Drinker Biddle & Reath LLP

500 Campus Drive

Florham Park, New Jersey 07932

June 16, 2006

C. R. Bard, Inc.

730 Central Avenue

Murray Hill, New Jersey 07974

 

Re:    2003 Long Term Incentive Plan of C. R. Bard, Inc. (as Amended and Restated), 2005 Directors’ Stock Award Plan of C. R. Bard, Inc. (as Amended and Restated) and the 1998 Employee Stock Purchase Plan of C. R. Bard, Inc. (as Amended and Restated)

Ladies and Gentlemen:

We have acted as special New Jersey counsel to C. R. Bard, Inc., a New Jersey corporation (the “Company”), in connection with a Registration Statement on Form S-8 (the “Registration Statement”) filed under the Securities Act of 1933, as amended (the “Act”), relating to the offer and sale by the Company of up to 2,850,000 shares of the Company’s common stock, par value $.25 per share (the “Shares”), of which 2,500,000 may be issued pursuant to the 2003 Long Term Incentive Plan of C. R. Bard, Inc. (as Amended and Restated) (the “2003 Plan”), 100,000 may be issued pursuant to the 2005 Directors’ Stock Award Plan of C. R. Bard, Inc. (as Amended and Restated) (the “2005 Plan”) and 250,000 may be issued pursuant to the 1998 Employee Stock Purchase Plan of C. R. Bard, Inc. (as Amended and Restated) (the “1998 Plan”).

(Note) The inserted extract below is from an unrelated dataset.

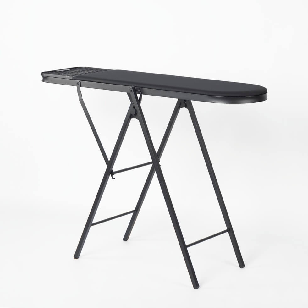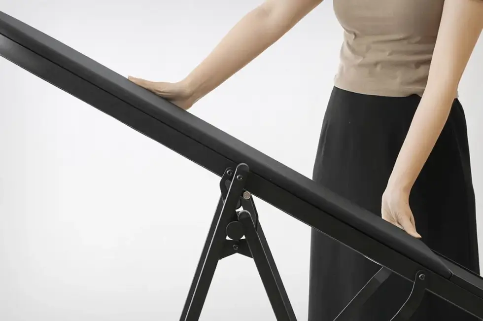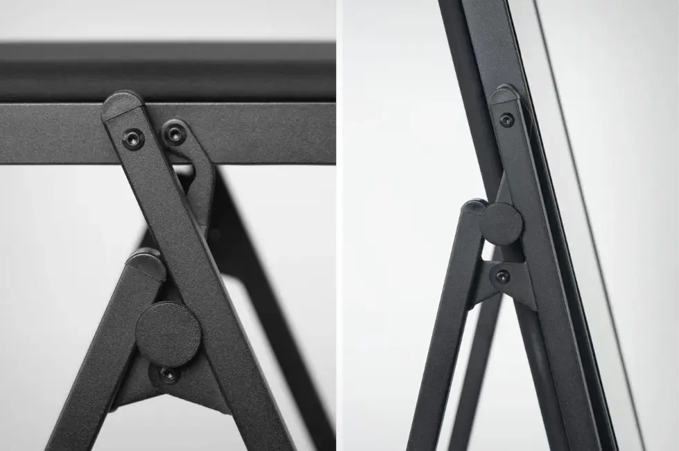 The team then designed a structure with an adjustable span. This mechanism allows the board to effortlessly adjust its span and transition between its two functions with ease. A metal attachment at the back allows the frame to seamlessly flip and remain stable during use, whether you’re crisping an attire or checking out your outfit in the mirror.

For purposes of this opinion, we have examined originals or copies, certified or otherwise, identified to our satisfaction, of the Registration Statement, together with exhibits filed as a part thereof, and such other documents, records, certificates, including certificates of public officials, as we have deemed necessary or appropriate.

Based upon the foregoing, we are of the opinion that:

 

  1. The Company has been duly incorporated and is validly existing under the laws of the State of New Jersey.

 

  2. The Shares have been duly authorized and, when sold in the manner and for the consideration contemplated by the 2003 Plan, the 2005 Plan or the 1998 Plan, as applicable, and the Registration Statement, will be validly issued, fully paid and non-assessable.

We hereby consent to the filing of this opinion as an exhibit to the Registration Statement and to the use of our name therein. By giving the foregoing consent, we do not admit that we are persons whose consent is required under Section 7 of the Act.